### Problem statement
Quote the records that follow in full and exactly; leave out the pictures.

### Data for processing
::::::::

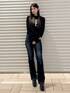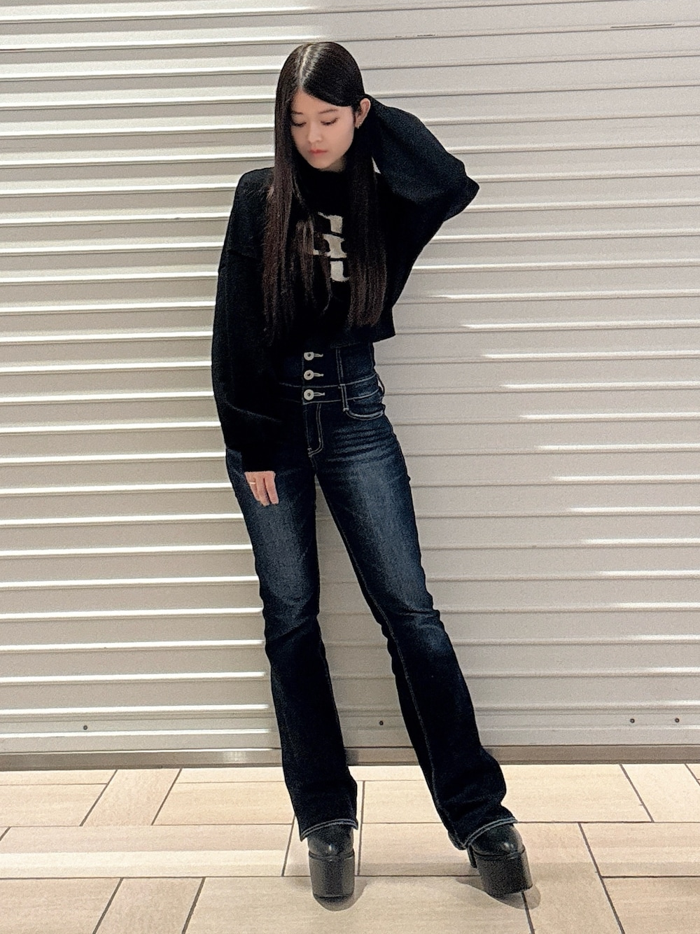 【トップス】 フロントにロゴが入ったニットトップスです!ロゴにラメ感がデザインされているのがポイントです!サラッとした生地なので、着心地抜群です❣️ 【パンツ】 GYDA大人気シリーズ、ウエストクロスデニムパンツです!ショート丈のトップスと合わせるとバッククロスが見えて可愛いです❤️150cmのSサイズ着用しています! 【シューズ】 シンプルなバルキーショートブーツです!高さが13cmありますが、爪先と踵の高低差が少ないのでとにかく歩きやすいです❣️23.5cmのMサイズ着用しています!
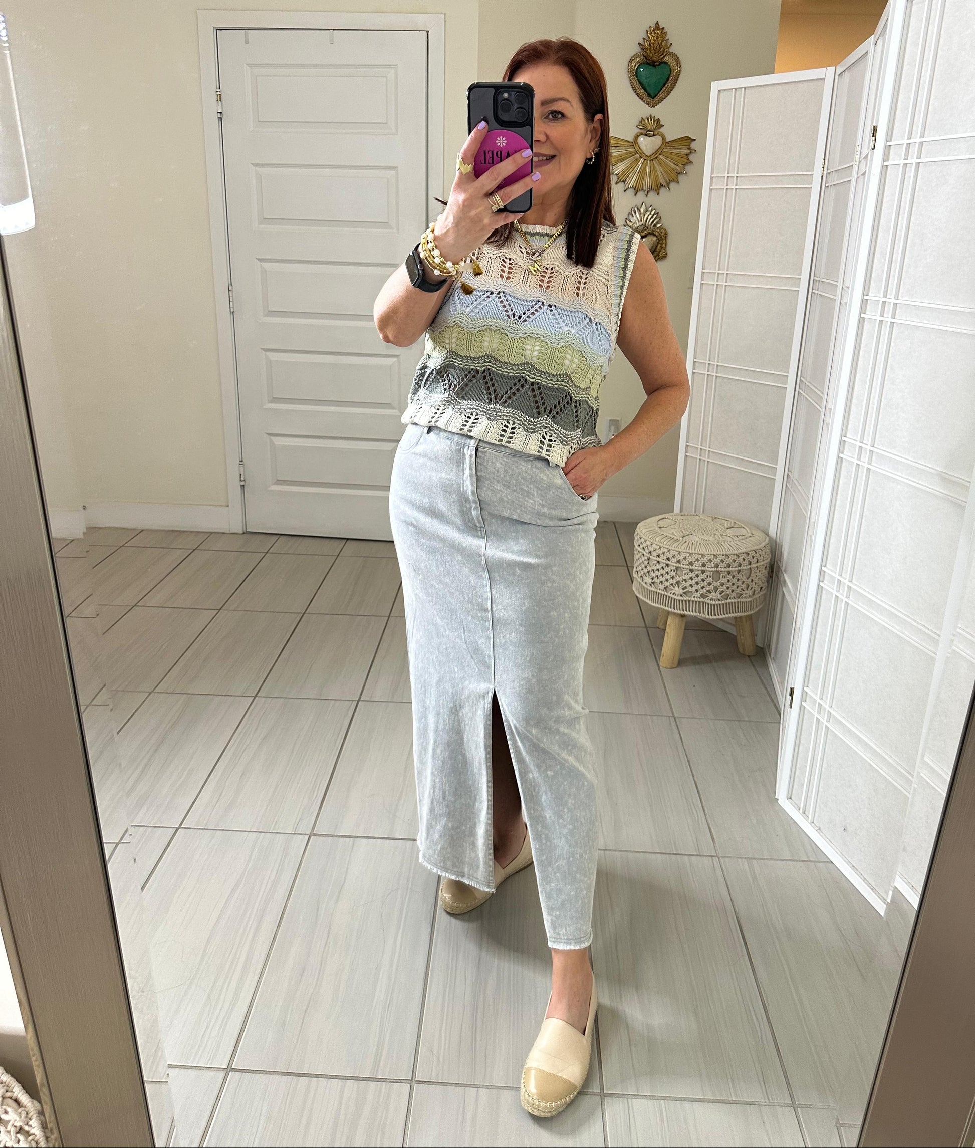 Full stretch, available in sizes S, M, L, and offered in blue and beige.
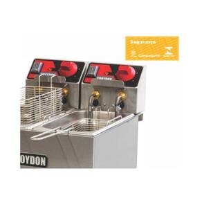 Atenção: Na voltagem de 110 volts, a potência da fritadeira é de 1650 watts em cada cuba. Na voltagem de 220 volts, a potência da fritadeira é de 2000 watts em cada cuba.
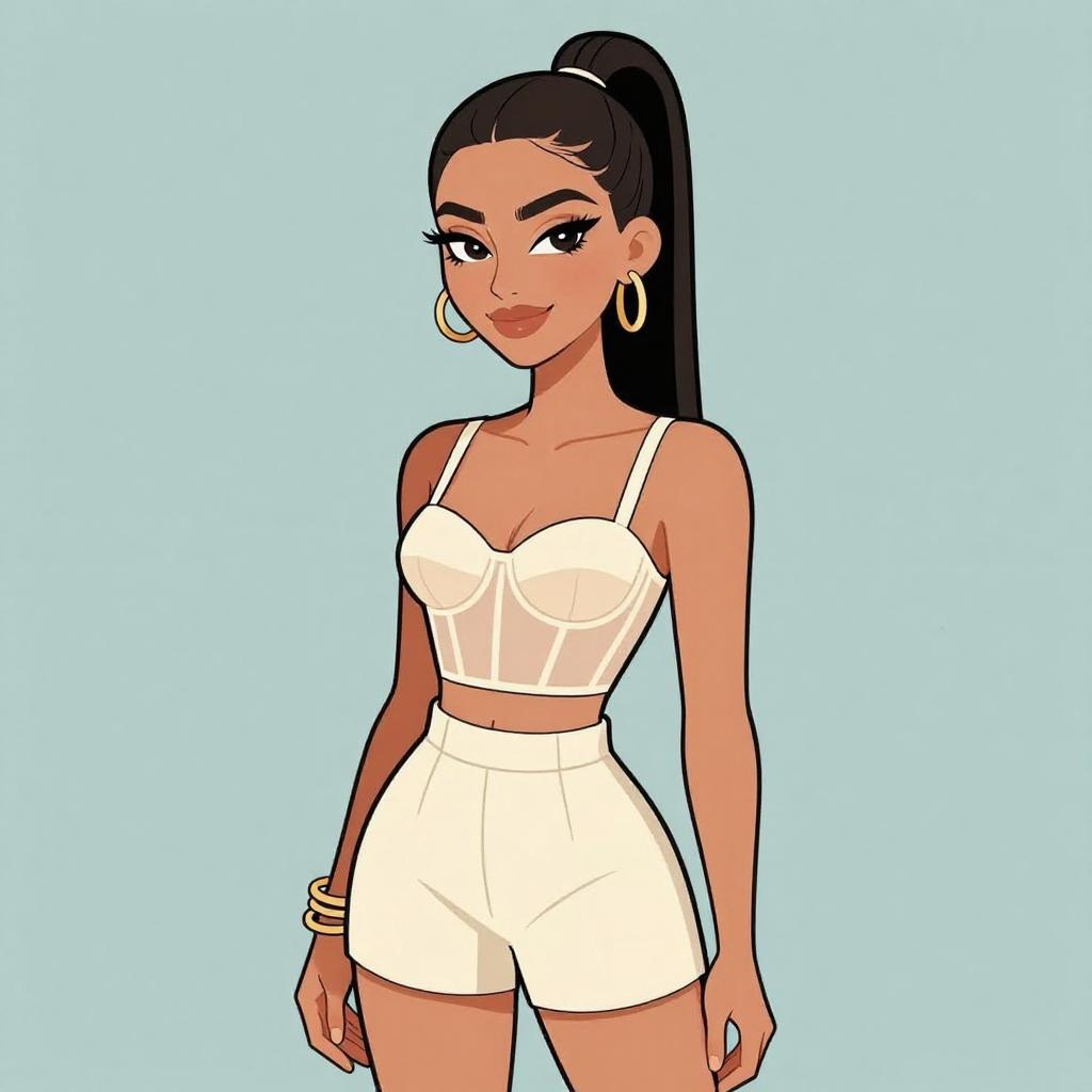 Digital cartoon of a smiling woman with long black hair, wearing a black, strapless, sheer-sleeve bodysuit and large hoop earrings.
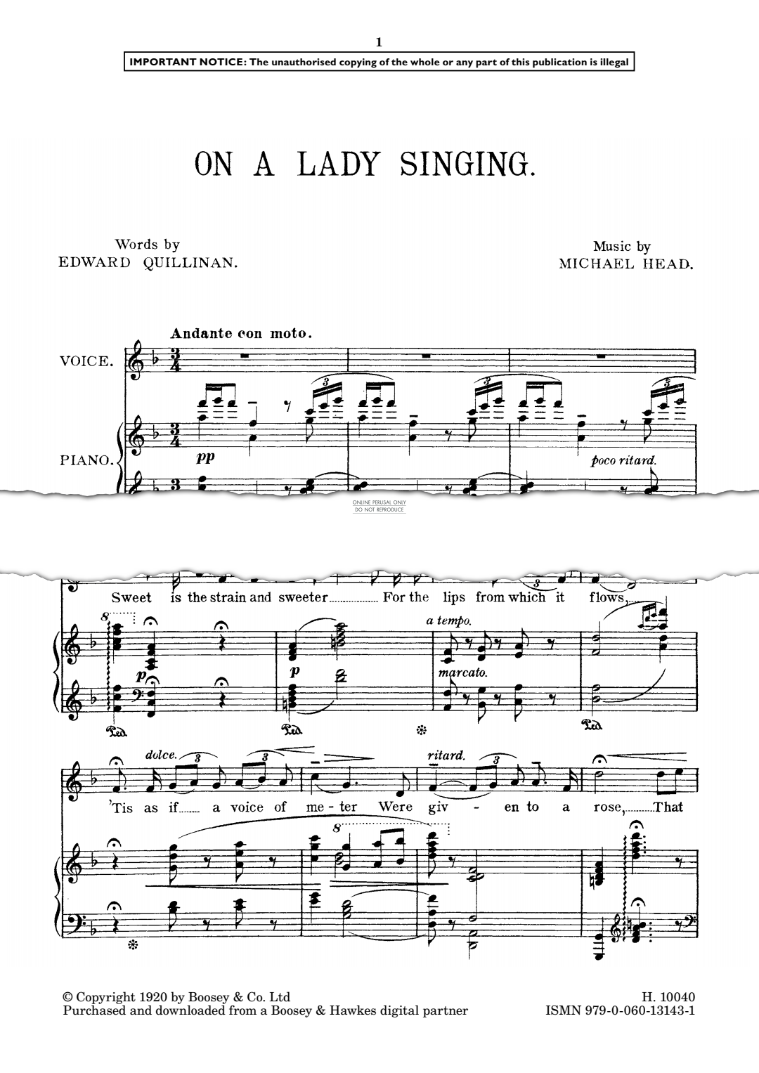 On a lady singing - Noten für Gesang, Klavier Michael Head
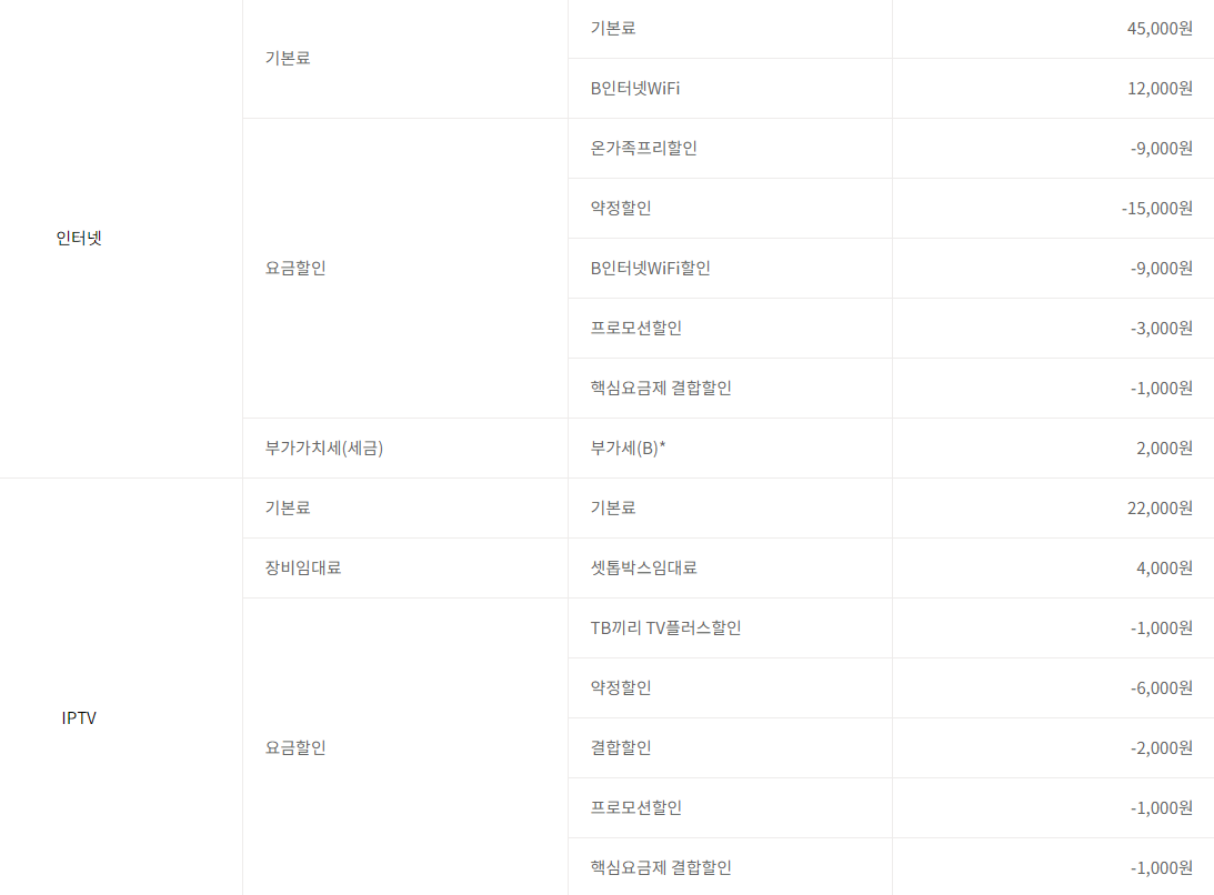 현재 SKB 기가라이트 + 온가족프리(SKT 2명) 요금제를 쓰고 있습니다.
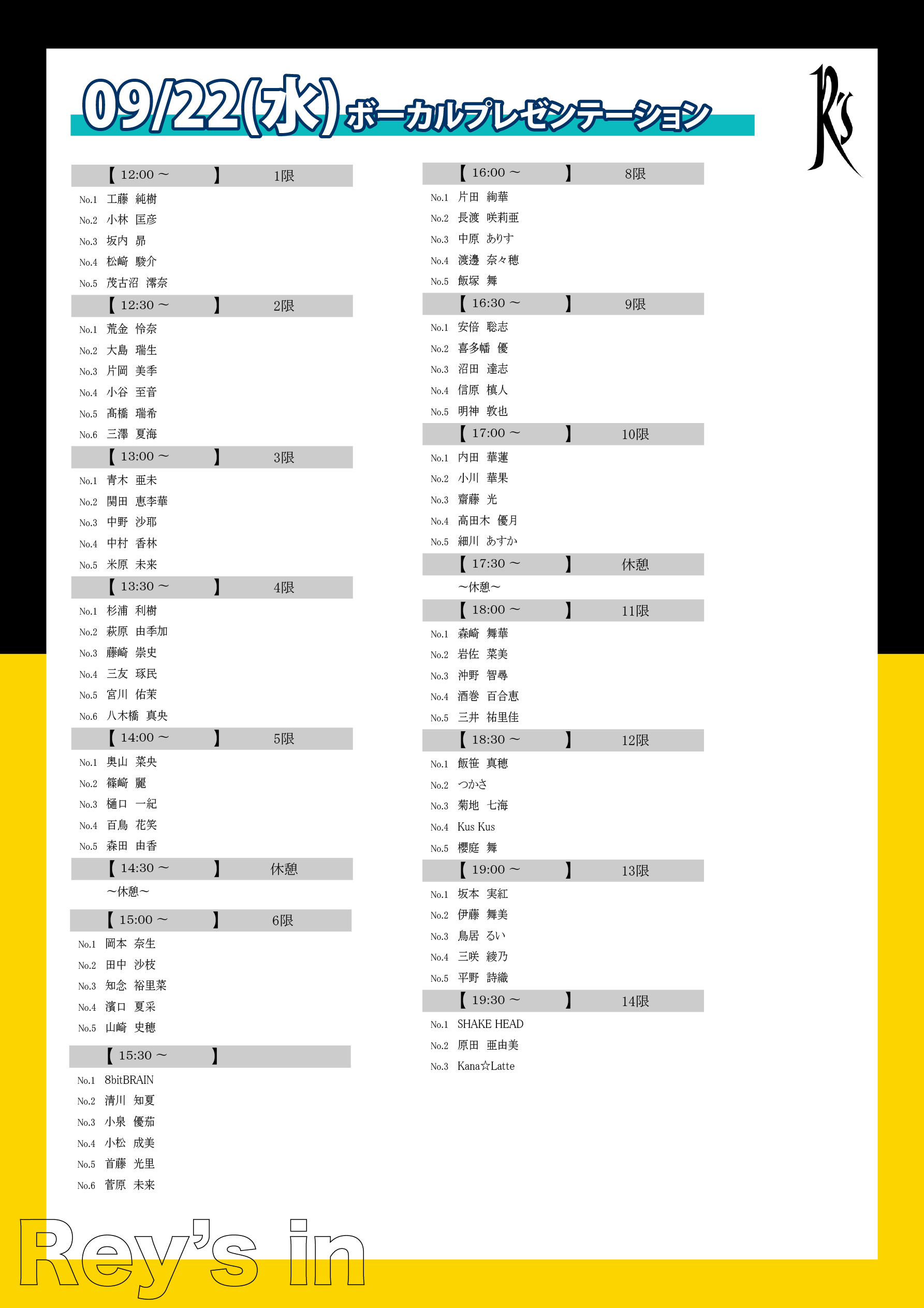 09/22(水)23(木)ボーカルプレゼンテーション タイムテーブル
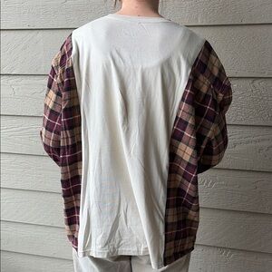 Handmade / Handcrafted from two shirts. A t-shirt matched to a flannel shirt. Each of my upcycled creations is a one of a kind flannel shirt. Bands - Colleges - Sport teams - Pop Coulture - Holiday etc.
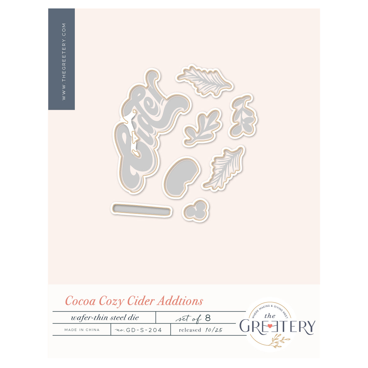 This die is designed to coordinate with our Cocoa Cozy Cider Additions stamp set, allowing you to cut the images from that set for more layering options.

::::::::

### Task response
 【トップス】 フロントにロゴが入ったニットトップスです!ロゴにラメ感がデザインされているのがポイントです!サラッとした生地なので、着心地抜群です❣️ 【パンツ】 GYDA大人気シリーズ、ウエストクロスデニムパンツです!ショート丈のトップスと合わせるとバッククロスが見えて可愛いです❤️150cmのSサイズ着用しています! 【シューズ】 シンプルなバルキーショートブーツです!高さが13cmありますが、爪先と踵の高低差が少ないのでとにかく歩きやすいです❣️23.5cmのMサイズ着用しています!
 Full stretch, available in sizes S, M, L, and offered in blue and beige.
 Atenção: Na voltagem de 110 volts, a potência da fritadeira é de 1650 watts em cada cuba. Na voltagem de 220 volts, a potência da fritadeira é de 2000 watts em cada cuba.
 Digital cartoon of a smiling woman with long black hair, wearing a black, strapless, sheer-sleeve bodysuit and large hoop earrings.
 On a lady singing - Noten für Gesang, Klavier Michael Head
 현재 SKB 기가라이트 + 온가족프리(SKT 2명) 요금제를 쓰고 있습니다.
 09/22(水)23(木)ボーカルプレゼンテーション タイムテーブル
 Handmade / Handcrafted from two shirts. A t-shirt matched to a flannel shirt. Each of my upcycled creations is a one of a kind flannel shirt. Bands - Colleges - Sport teams - Pop Coulture - Holiday etc.
 This die is designed to coordinate with our Cocoa Cozy Cider Additions stamp set, allowing you to cut the images from that set for more layering options.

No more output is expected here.